As in the title, I would like to compute the integral:
\begin{equation} \int_{-1}^{1}e^{-1/(1-x^2)}dx \end{equation}
My hunch tells me that I should try to transform it to the correspoding $\int_{-1}^{1} e^{-y^2}dy$ but I am not sure.
Thank you for your time!
On
$\int_{-1}^1e^{-\frac{1}{1-x^2}}~dx$
$=\int_{-1}^1e^{\frac{1}{x^2-1}}~dx$
$=\int_{-1}^0e^{\frac{1}{x^2-1}}~dx+\int_0^1e^{\frac{1}{x^2-1}}~dx$
$=\int_1^0e^{\frac{1}{(-x)^2-1}}~d(-x)+\int_0^1e^{\frac{1}{x^2-1}}~dx$
$=\int_0^1e^{\frac{1}{x^2-1}}~dx+\int_0^1e^{\frac{1}{x^2-1}}~dx$
$=2\int_0^1e^{\frac{1}{x^2-1}}~dx$
$=2\int_0^\infty e^{\frac{1}{\tanh^2x-1}}~d(\tanh x)$
$=2\int_0^\infty e^{-\frac{1}{\text{sech}^2x}}~d(\tanh x)$
$=2\int_0^\infty e^{-\cosh^2x}~d(\tanh x)$
$=2\left[e^{-\cosh^2x}\tanh x\right]_0^\infty-2\int_0^\infty\tanh x~d\left(e^{-\cosh^2x}\right)$
$=4\int_0^\infty e^{-\cosh^2x}\sinh x\cosh x\tanh x~dx$
$=4\int_0^\infty e^{-\cosh^2x}\sinh^2x~dx$
$=4\int_0^\infty e^{-\frac{\cosh2x+1}{2}}\dfrac{\cosh2x-1}{2}dx$
$=2e^{-\frac{1}{2}}\int_0^\infty e^{-\frac{\cosh2x}{2}}(\cosh2x-1)~dx$
$=e^{-\frac{1}{2}}\int_0^\infty e^{-\frac{\cosh2x}{2}}(\cosh2x-1)~d(2x)$
$=e^{-\frac{1}{2}}\int_0^\infty e^{-\frac{\cosh x}{2}}(\cosh x-1)~dx$
$=e^{-\frac{1}{2}}\left(K_1\left(\dfrac{1}{2}\right)-K_0\left(\dfrac{1}{2}\right)\right)$
$$\begin{eqnarray*}\color{red}{I}=\int_{-1}^{1}\exp\left(\frac{1}{x^2-1}\right)\,dx &=& 2\int_{0}^{1}\exp\left(\frac{1}{x^2-1}\right)\,dx=\int_{0}^{1}\exp\left(\frac{1}{z-1}\right)\frac{dz}{\sqrt{z}}\\&=&\int_{0}^{1}\exp\left(-\frac{1}{z}\right)\frac{dz}{\sqrt{1-z}}=\int_{1}^{+\infty}\frac{dt}{t e^t\sqrt{t^2-t}}\\&=&\int_{0}^{+\infty}\frac{e^{-(u+1)}du}{(u+1)\sqrt{u(u+1)}}=\frac{2}{e}\int_{0}^{+\infty}\frac{e^{-\eta^2}\,d\eta}{(1+\eta^2)^{3/2}}\\&=&\color{red}{\frac{\sqrt{\pi}}{e}\,U\left(\frac{1}{2},0,1\right)}\end{eqnarray*}$$
where $U(a,b,z)$ is the Tricomi's confluent hypergeometric function.
If we take the last integral and switch to Fourier transforms, that can be written also as: $$\frac{2}{e\sqrt{\pi}}\int_{0}^{+\infty} e^{-s^2/4} s\, K_1(s)\,ds $$ where $K_1$ is a modified Bessel function of the second kind.
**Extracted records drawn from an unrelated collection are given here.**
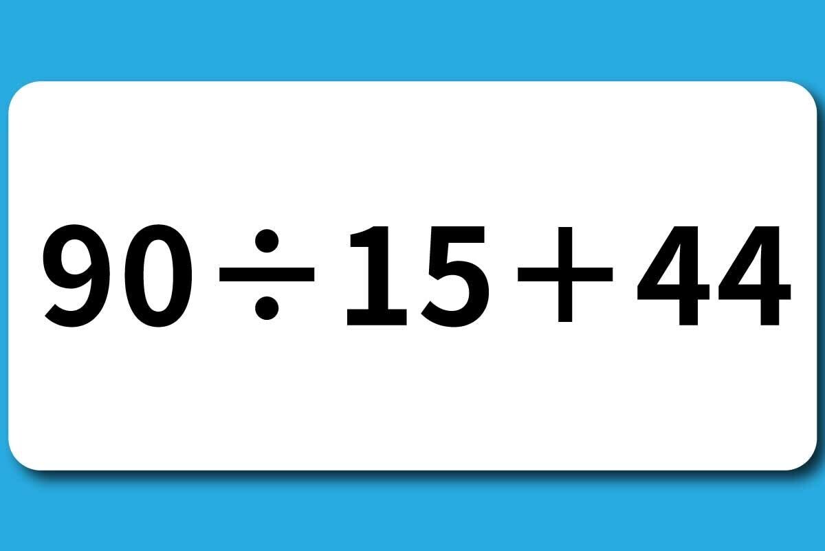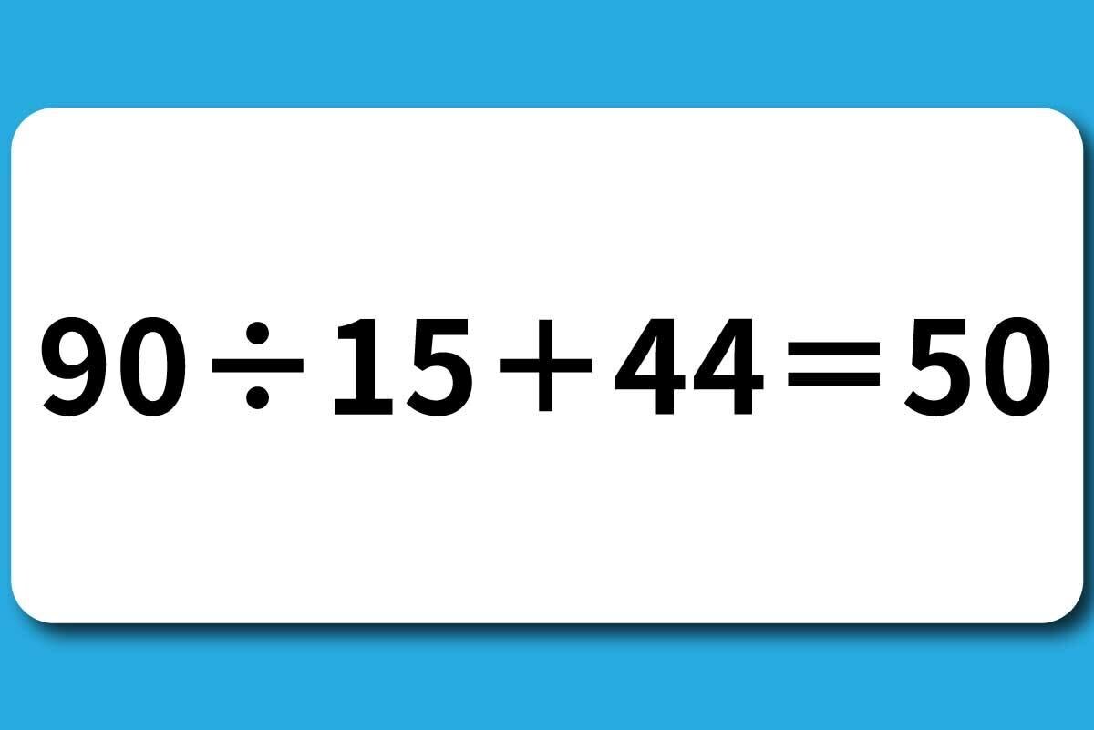 毎日脳トレ、本日は「算数クイズ」です。小学生で習うレベルの式、間違えずに答えを出せますか?【問題】「90÷15+44」はいくつになる?暗算できますか?こたえをみる↓↓↓↓↓↓↓↓↓↓【答】50正解できましたか?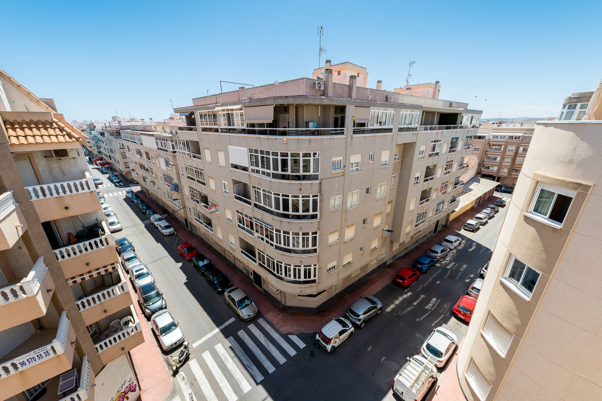 The property is bathed in natural light and decorated with cosy simplicity, designed to offer a practical and pleasant stay. The communal swimming pool invites a refreshing swim after a day at the beach or a stroll through the lively centre of Torrevieja.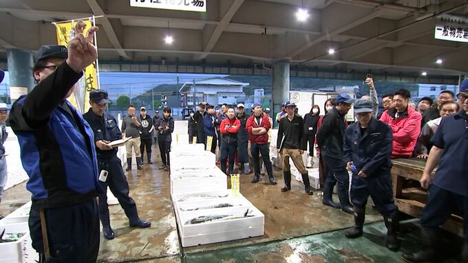 昨夜(20日)のうちに瀬戸内海で捕獲されたサワラが初セリにかけられ、最も高いものには昨年と同じ1キロあたり2万円の値がつきました。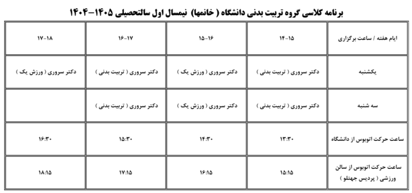 ساعت حرکت سرویس های دانشجویی گروه تربیت بدنی (خانمها)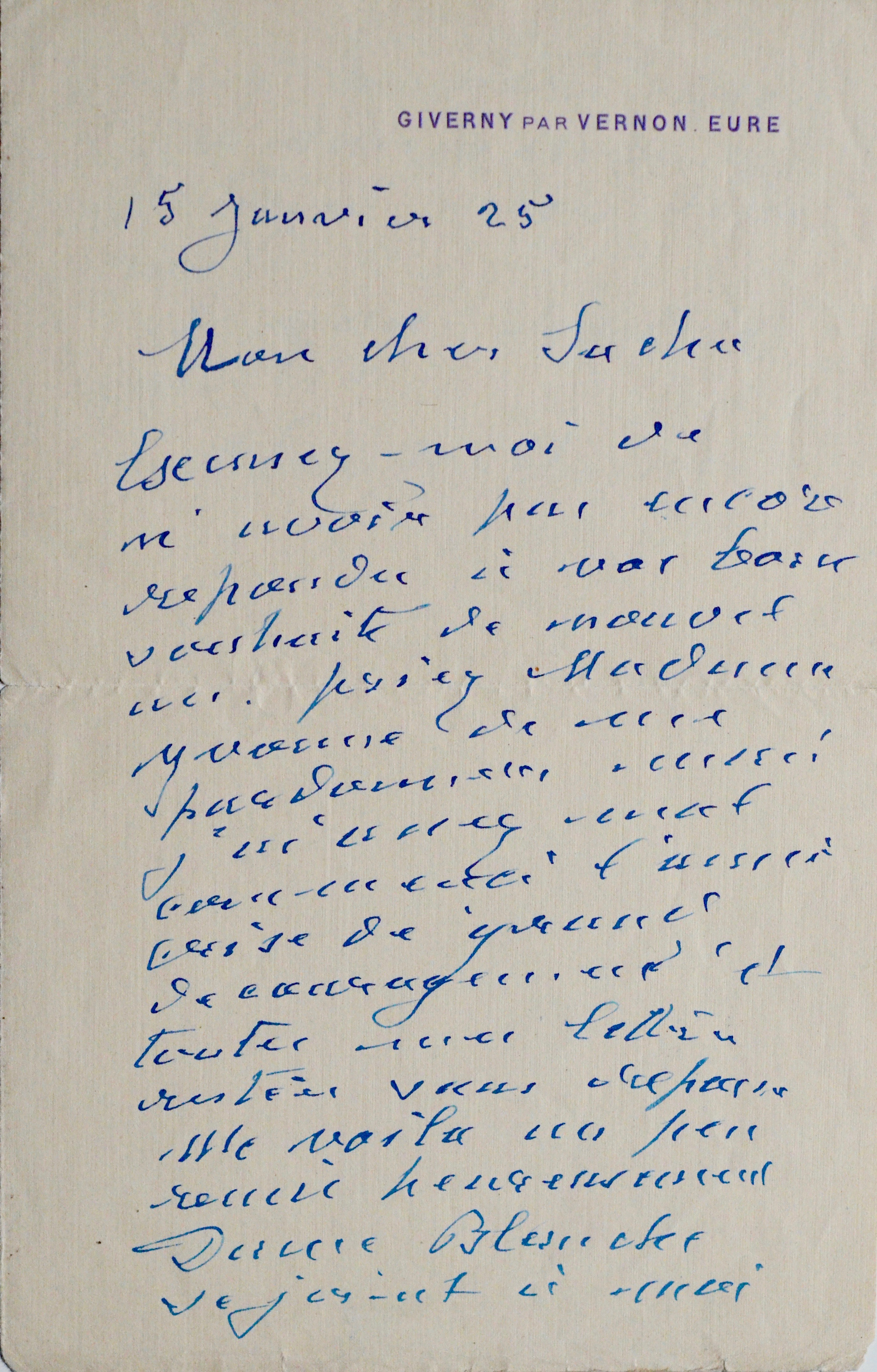 Claude Monet, âgé et abattu, écrit à son ami Sacha Guitry pour s'excuser de ne pas avoir répondu à ses bons souhaits de nouvel an. Il ajoute "Priez Madame Yvonne [Printemps] de me pardonner aussi. J'ai assez mal commencé l'année, crise de grand découragement et toutes mes lettres restent sans réponse. Me voilà un peu remis heureusement. Dame Blanche [Hoschedé] se joint à moi pour notre meilleur souvenir et tous nos souhaits. À vous de vieille amitié. Claude Monet".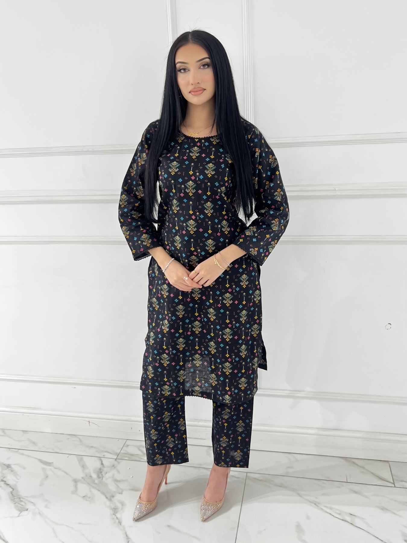 This vibrant Readymade khaddar Co-ord features a two-piece printed outfit that is perfect for the winter season. Made with high-quality lawn fabric, it offers both comfort and style. Elevate your wardrobe with this must-have piece and make a statement wherever you go!

Tight numerical approximations follows from the fact that the last integrand function is smooth and essentially supported on $[0,4]$, since the integral over $[4,+\infty)$ is extremely small. We also have: $$ \int_{-1}^{1}\exp\left(\frac{1}{x^2-1}\right)\,dx = \frac{2}{e}\int_{0}^{\pi/2}e^{-\tan^2 t}\cos t\,dt.$$ Trivial inequalities are: $$\color{red}{0.412\ldots}=\sqrt{\frac{2\pi}{5e^2}}=\frac{2}{e}\int_{0}^{+\infty}e^{-5u^2/2}\,du \leq \color{red}{I}\leq \frac{2}{e}\int_{0}^{+\infty}\frac{du}{(1+u^2)^{5/2}}=\frac{4}{3e} =\color{red}{0.490\ldots}$$